▸ Assignment:
Beginning with the line of the entries below that holds "投資詐欺に狙われるシニア世代。「元本保証」「高利回り」の甘い罠を見抜く方法" and ending with the line that holds "ทาวน์โฮม 2 ชั้น", transcribe each line exactly as written. Pictures stay out.
*** Data supplied Section Begins ***
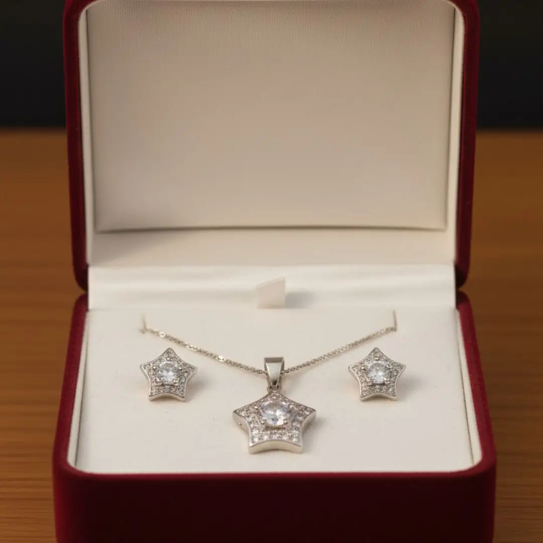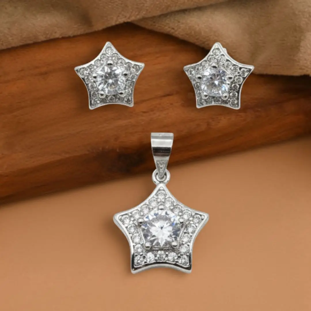 Shine bright with this elegant 925 Sterling Silver Star Pendant and Stud Earrings Set, designed to add a touch of celestial charm to your everyday and occasion wear. Each piece features a brilliant round-cut cubic zirconia at the center, beautifully surrounded by finely set CZ stones that enhance its radiant sparkle.
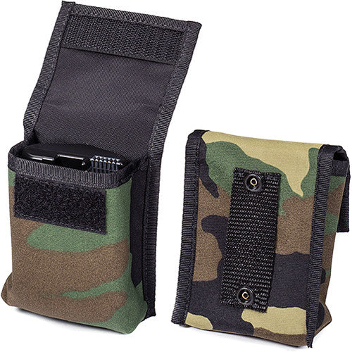 The forest green camouflage BatteryPouch Pro DSLR 1+1 from LensCoat consists of two pouches that each hold one lithium-ion battery. Both pouches snap together to hold the batteries for easy storage and retrieval. Each pouch seals with a touch fastener. When not utilized, they fold flat for storage within your gear bag or luggage.
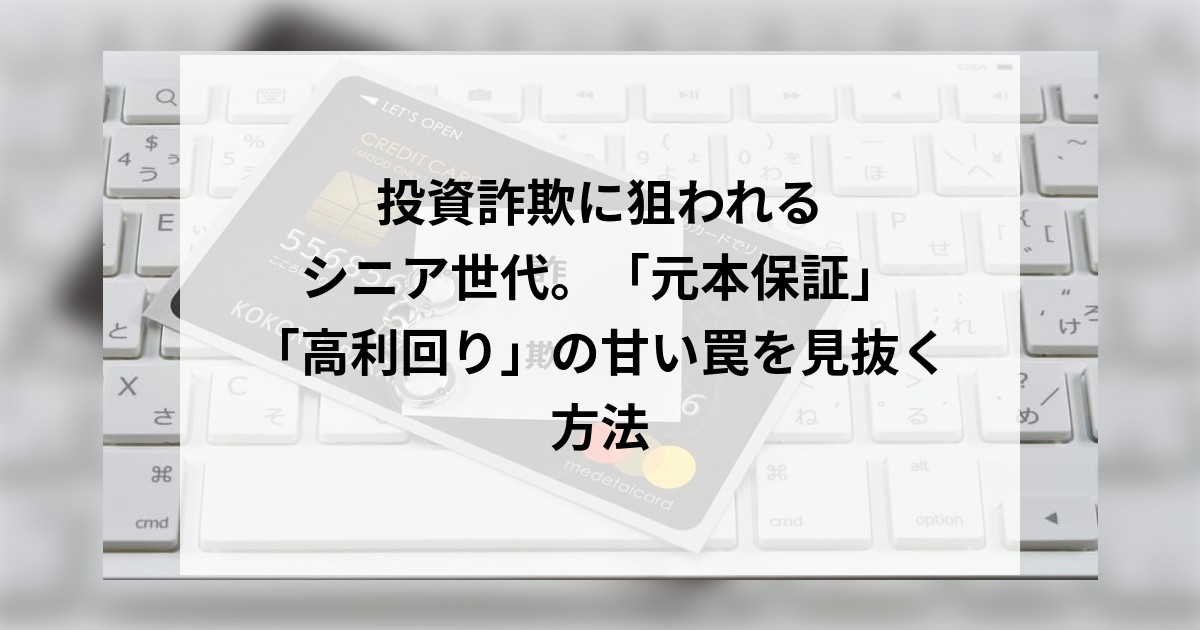 投資詐欺に狙われるシニア世代。「元本保証」「高利回り」の甘い罠を見抜く方法
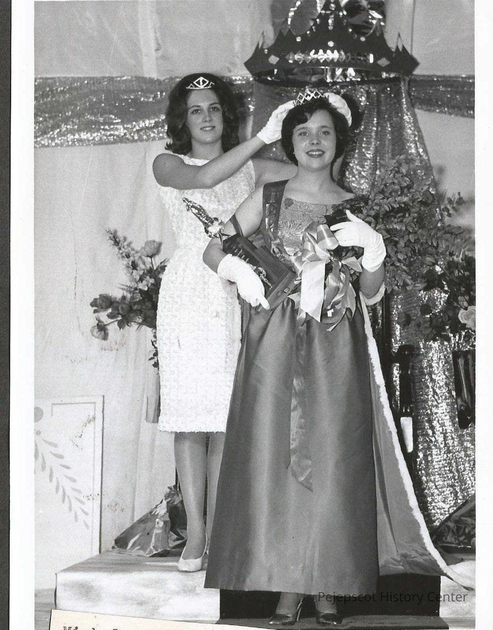 Micheline Paquette Teen Queen crowned by the first Brunswick teen queen Brunswick Sharon Saxton at the end of the pageant.
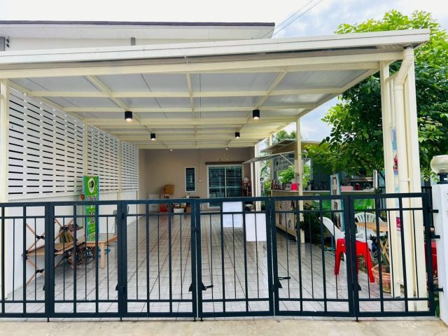 ทาวน์โฮม 2 ชั้น แปลแรกต้นโครงการ ติดสวนหย่อมหมู่บ้าน บ้านสภาพสวยน่าอยู่ โครงการเงียบสงบร่มรื่น ต่อเติมครัวและโรงจอดรถด้านหน้า
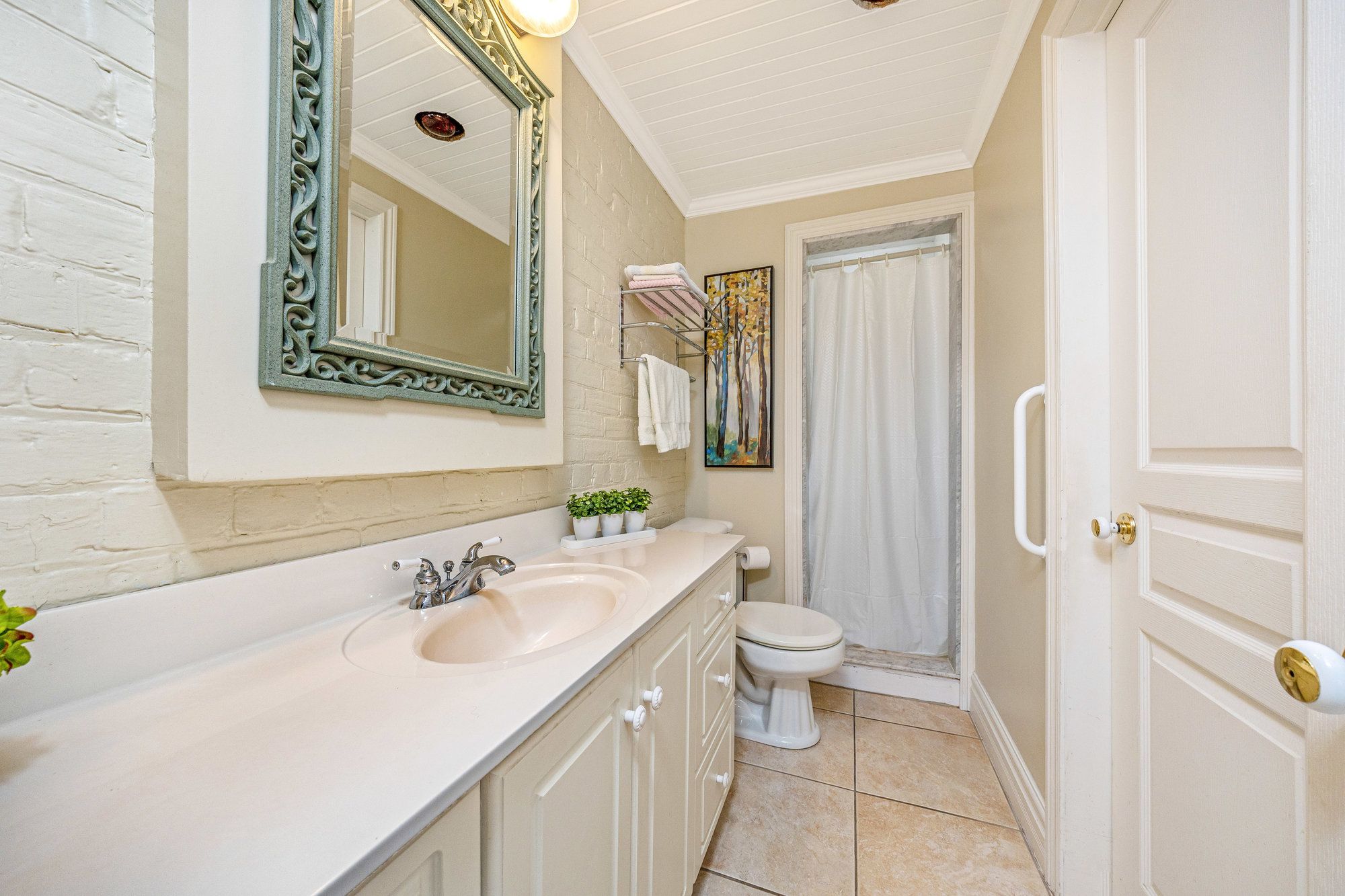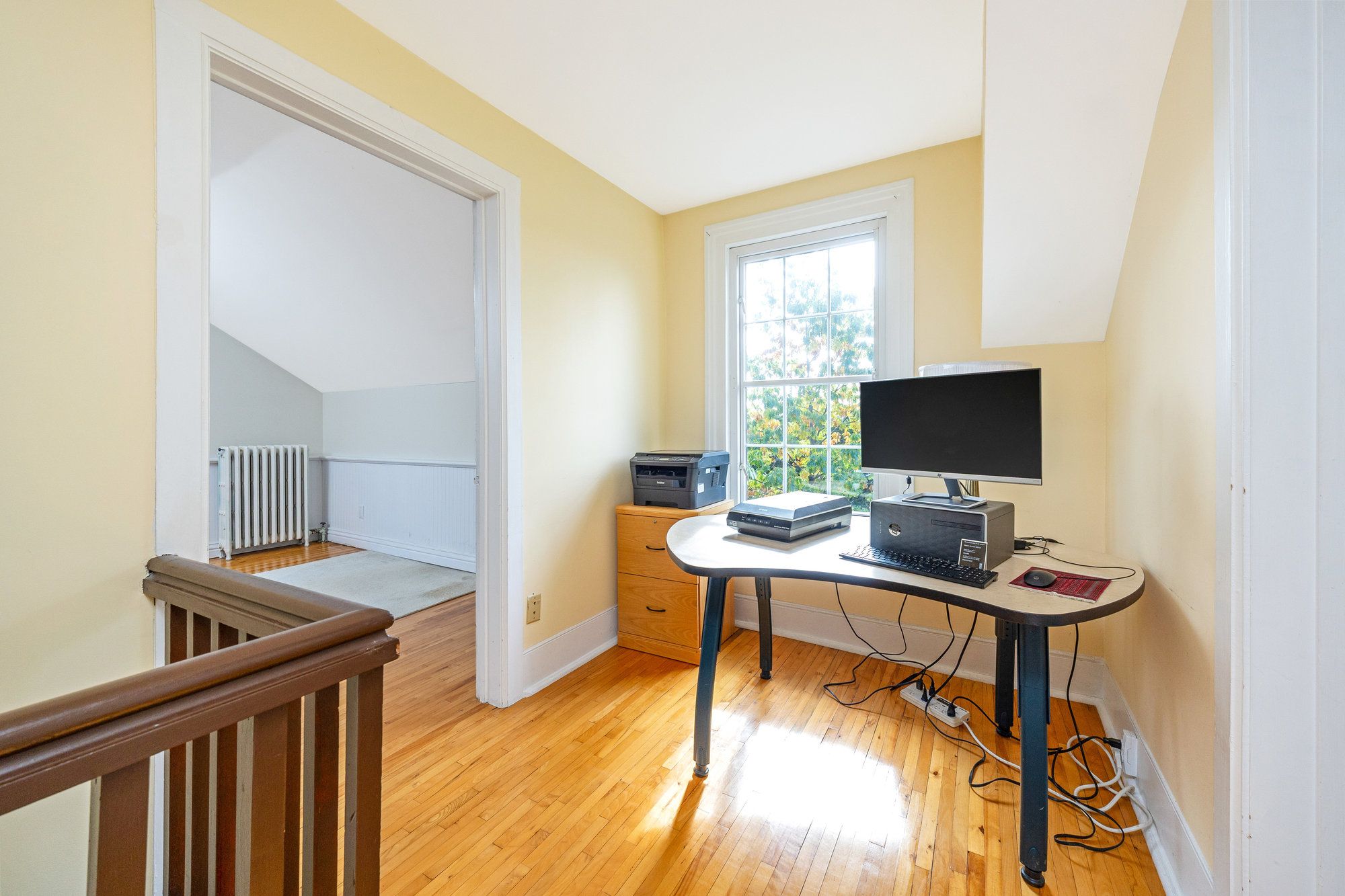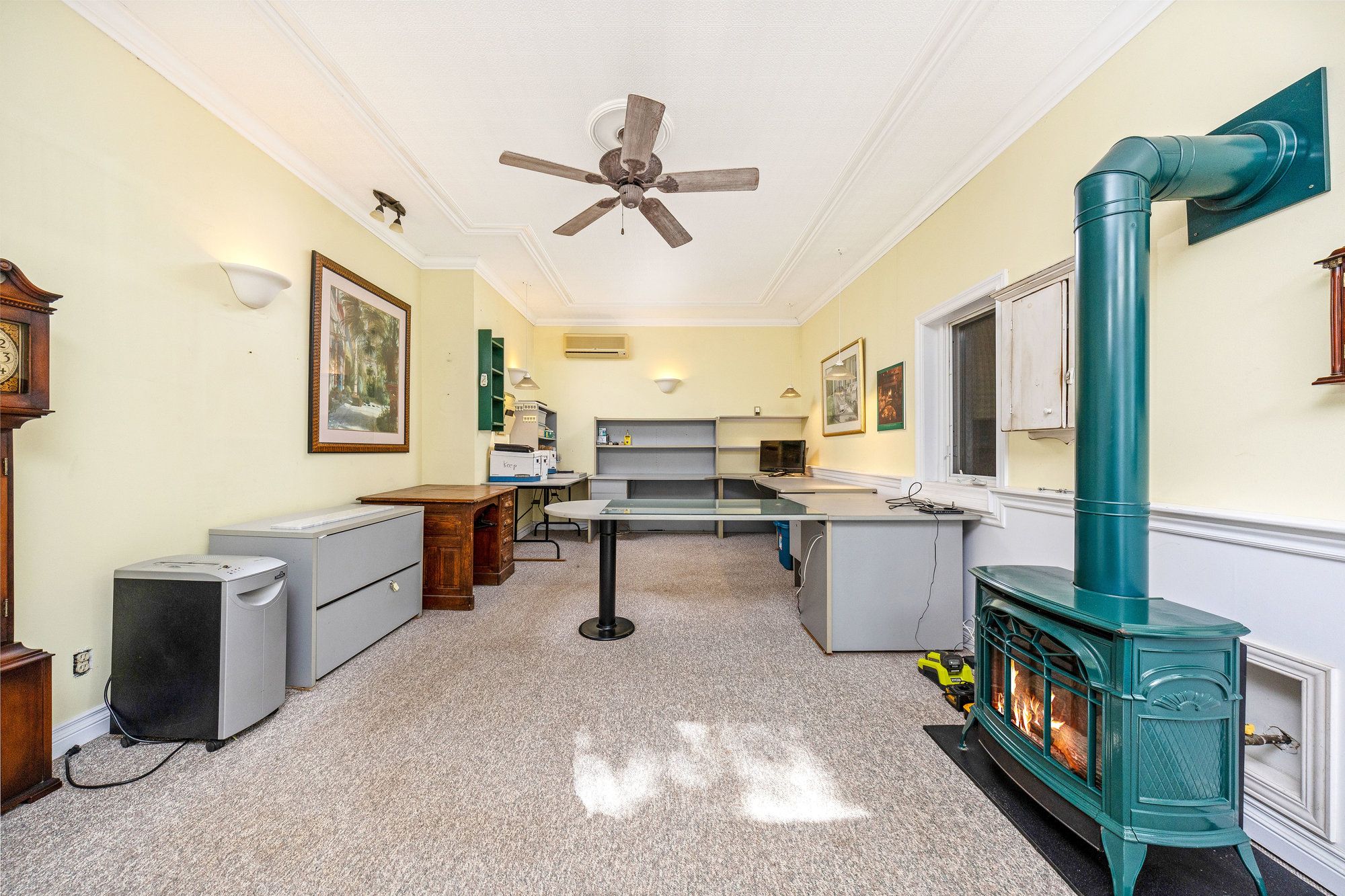 This is one remarkable property - perfect for a family based home business, or perhaps future development. Two lots, one with the dwelling, drive shed (home office), with a deeded right of way to the lane behind the property, and a severed building lot (50. 1 x 110). **these lots must be sold together**. Zoned low density 1 allowing for home occupation, and is in the georgetown go train secondary plan review. The larger, irregularly shaped lot, with maintained century home, updated throughout the years, is a cozy well loved home with a renovated kitchen and dining room with large windows and gas fireplace, welcoming bright living room with gas fireplace, a bright and sunny den, and a main floor bedroom with sitting area (which could be used for any purpose) with an semi-ensuite bathroom. The second floor has three bedrooms and a renovated bathroom with laundry. Outside you'll find a large gathering sized deck, and perennial gardens. The detached auxiliary building is partially finished as a home office (approx. 24. 5 feet x 12 ft) complete with gas fireplace to heat and an air conditioner unit. High ceilings and transom window make this work space inviting. Find two detached storage sheds, and two attached to the coach house on the side and back. The building lot, takes up the driveway and extends slightly into the parking area.
*** Data supplied Section Ends ***
▸ Your response:
 投資詐欺に狙われるシニア世代。「元本保証」「高利回り」の甘い罠を見抜く方法
 Micheline Paquette Teen Queen crowned by the first Brunswick teen queen Brunswick Sharon Saxton at the end of the pageant.
 ทาวน์โฮม 2 ชั้น แปลแรกต้นโครงการ ติดสวนหย่อมหมู่บ้าน บ้านสภาพสวยน่าอยู่ โครงการเงียบสงบร่มรื่น ต่อเติมครัวและโรงจอดรถด้านหน้า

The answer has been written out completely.